Folic acid and its metabolism and utilization has become of increasing importance within the field of schizophrenia. Methylenetetrahydrofolate reductase (MTHFR) is the enzyme responsible for the formation of methyltetrahydrofolate (5-methyl THF) from dietary folate. Multiple studies have demonstrated relationships between MTHFR gene variants and schizophrenia. This review discusses these studies, and their findings regarding the relationship between different variants of the MTHFR gene and risk of antipsychotic-related metabolic syndrome, and the relationship between the pharmacogenetics of folate and the negative/cognitive symptoms of schizophrenia.

Folic acid is a water-soluble B vitamin that is garnering greater interest in schizophrenia research. Its metabolism is pharmacogenetically regulated and thus may be useful in personalizing the treatments for schizophrenia. This article will review folate's role on schizophrenia symptomatology as well as risks associated with atypical antipsychotics.

Schizophrenia is an often debilitating mental illness that affects approximately 1% of the population,1 usually manifesting not only through positive and negative symptoms, but also causing significant cognitive dysfunction.2 Briefly, the positive symptoms seen in schizophrenia are not normally present in a mentally healthy individual. Examples of positive symptoms may include, but are not necessarily limited to, hallucinations and delusions.3 Negative symptoms are disruptions in normal responses for a healthy individual and commonly include the inability to experience pleasure, disturbance of speech, flattened affect, and lack of motivation.4 The overall goal of treatment for schizophrenia is recovery, and for some, antipsychotic medications are a large part of this process.
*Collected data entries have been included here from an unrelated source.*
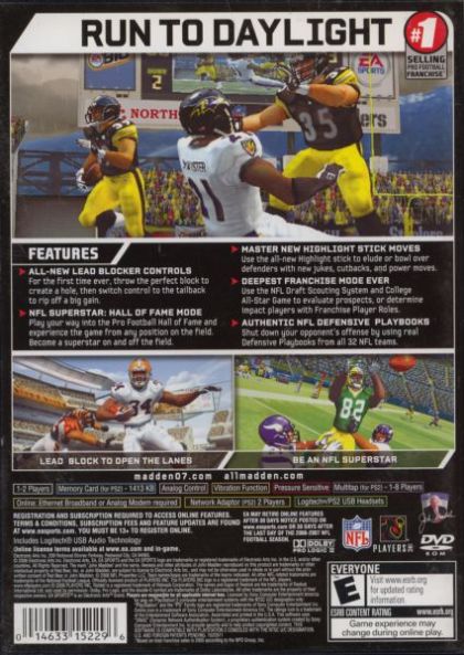 With the exclusive video game license of the NFL and PLAYERS INC, Madden NFL 07 continues to be the #1 football franchise in history. In its 17th installment, you control the running game like never before. For the first time ever, step up as the lead blocker to create a hole, and then take control of the tailback and smash through, overpower, or slash away from would-be tacklers as you fight for every yard. Innovative rushing controls give you a game-breaking ground attack featuring all-new jukes, cutbacks, and the distinct running styles of your favorite backs. Between the tackles or in the open field, run to daylight with Madden NFL 07.
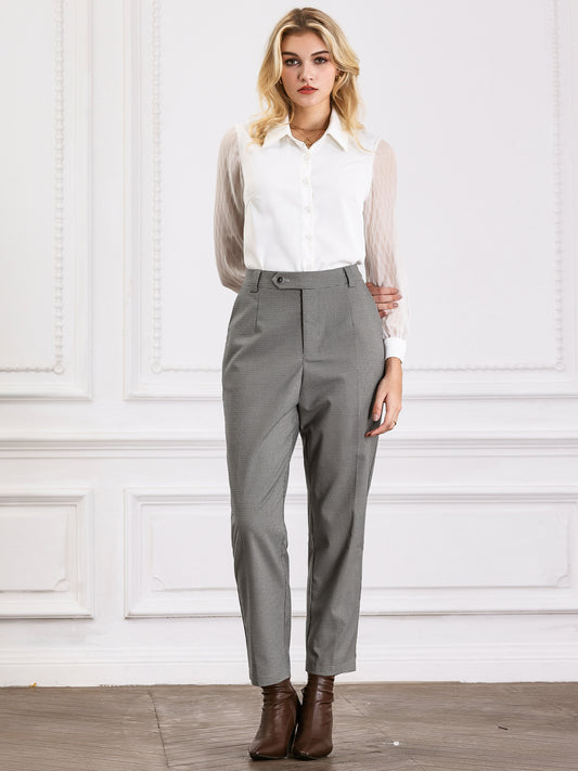 Women's Plaid Work Pant Vintage Houndstooth Tartan Straight Long Trousers
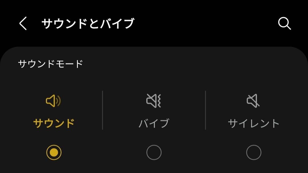 デフォルト設定のGalaxyでは、「サイレント」や「バイブ」といった「サウンド」以外のサウンドモードを適用すると、アラーム音が鳴らないようになっています。
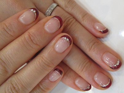 ボルドーのグラデーションにゴールドのラメを散らしています!
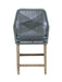 Modern lines convey a contemporary flair in this pair of counter height stools. Breathable and stylish, each counter height stool features a main seat frame wrapped in a woven rope design. Lending a rustic farmhouse flair are weathered Asian hardwood legs, square and slightly tapered toward the foot. The rope like design also lends a nautical inspired vibe, perfect for coastal beachside cottages. In addition, each stool features supportive foot braces and a padded seat cushion.
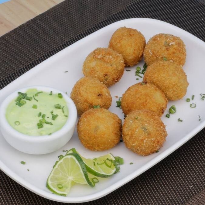 Bolinho de Peixe & Cream Cheese: 8 un .Crocantes por fora, macios por dentro! Deliciosa união de salmão, cream cheese e um toque de cebolinha.
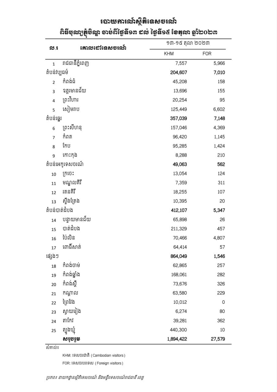 ក្រសួងទេសចរណ៍ បានបង្ហាញពីស្ថានភាពទេសចរណ៍ និងបងប្អូនប្រជាពលរដ្ឋដែលបានដើរកម្សាន្តនាឱកាសពិធីបុណ្យភ្ជំបិណ្ឌ ចាប់ពីថ្ងៃទី១៣ ដល់ថ្ងៃទី១៥ ខែតុលា ឆ្នាំ២០២៣ រួមមាន៖
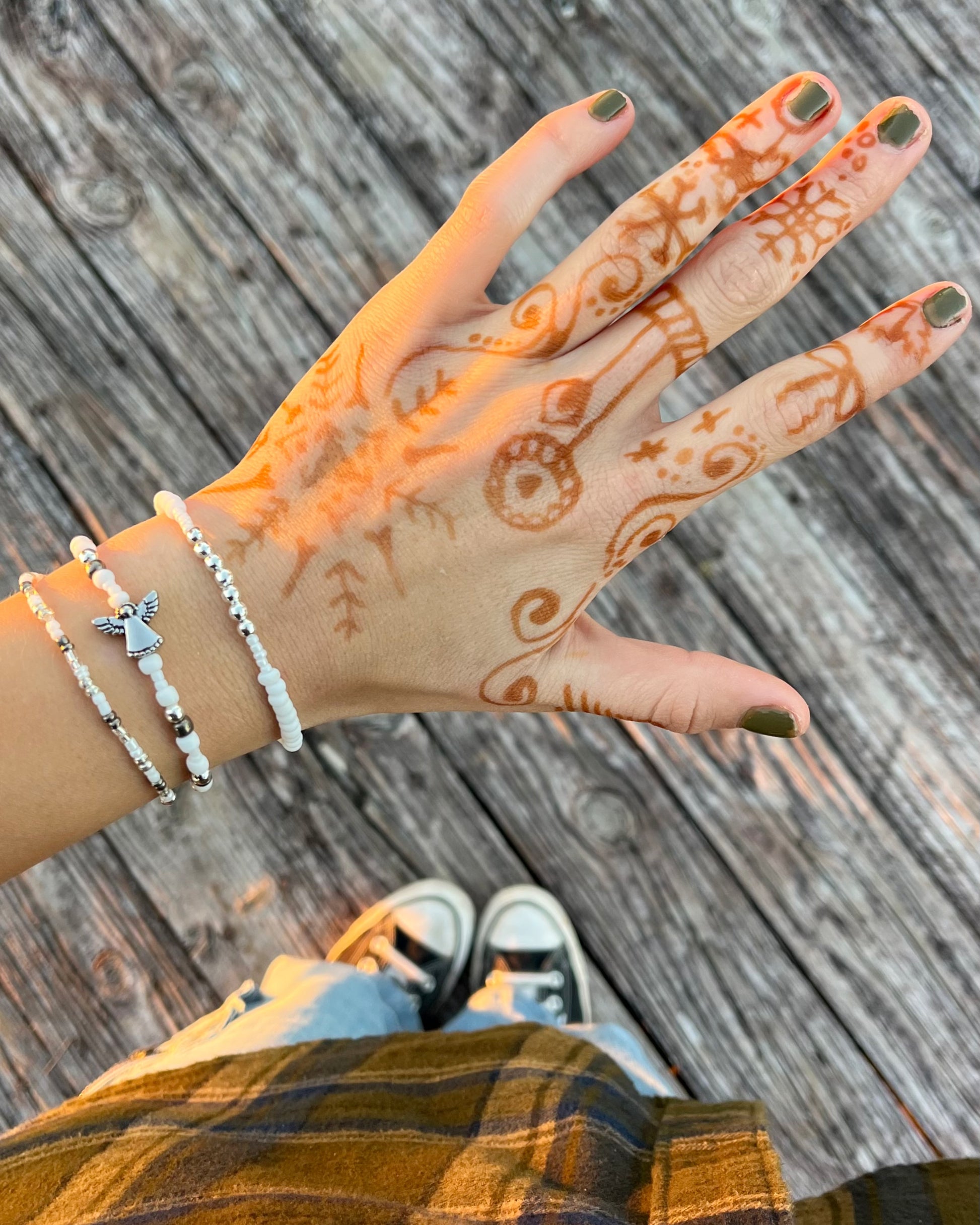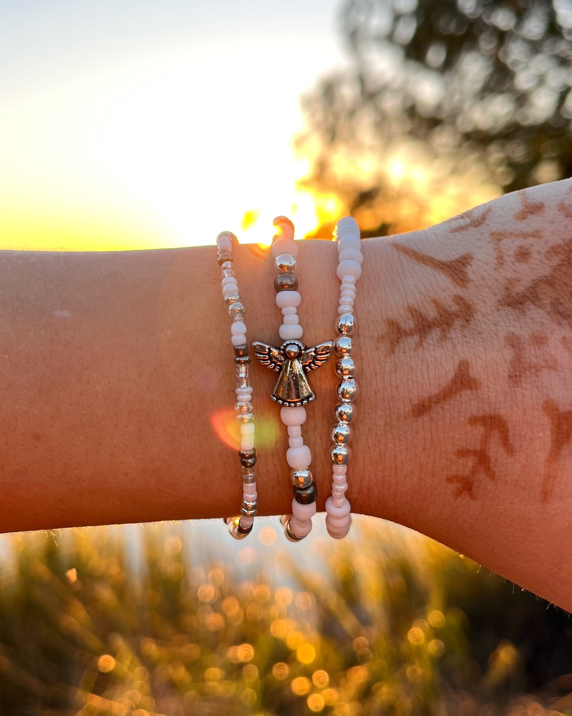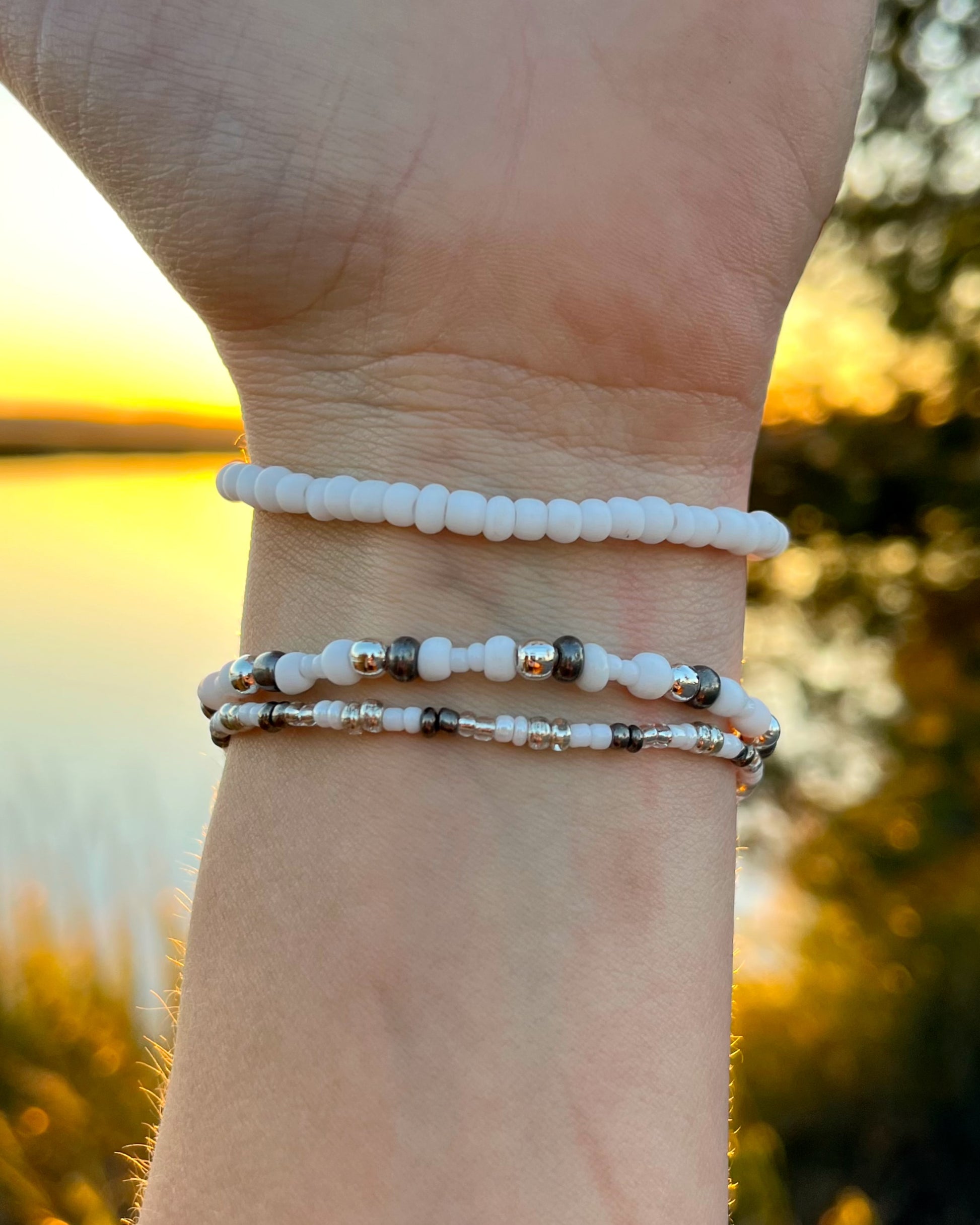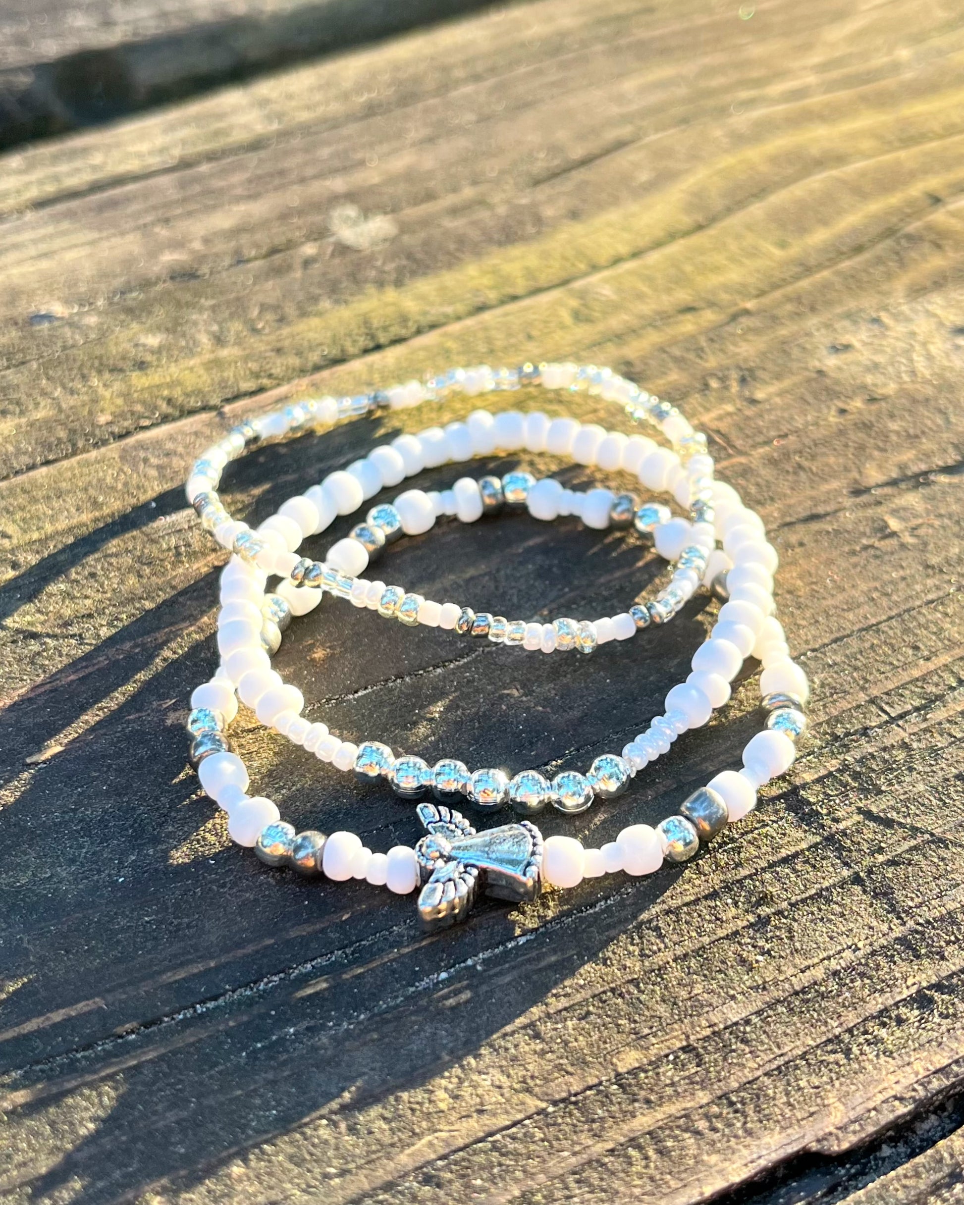 Three elastic beaded bracelets in cool whites and silvers, inspired by snow angels and the miracles of Christmas.

These medications traditionally achieve their effect through blockade of the dopamine 2 receptor.5 More recently, atypical antipsychotics (AAPs) have become the first line treatment for schizophrenia due to their differing pharmacology of serotonin antagonism, primarily 5HT2A and 5HT2C, and possible association with negative symptom improvement, as well as attenuation of extrapyramidal side effects.6 

Although AAPs are effective, their use carries risks such as diabetes, weight gain, dyslipidemia, and metabolic syndrome, which is a constellation of cardiovascular risk factors.7–10 Patients with a serious mental illness have a three times greater risk of death compared to the general population, with cardiovascular disease (CVD) being the most common cause of this mortality.11 Use of the AAPs to treat serious mental illness contributes significantly to this CVD risk, as patients taking AAPs frequently manifest early symptoms of metabolic syndrome, followed by the actual development of more serious CVD complications. The end result is up to 30 years of life lost for those with schizophrenia.11 Understanding the role of folate, and its pharmacogenetically regulated metabolism, may assist us in reducing CV adverse effects in this patient population and potentially decreasing this staggering statistic.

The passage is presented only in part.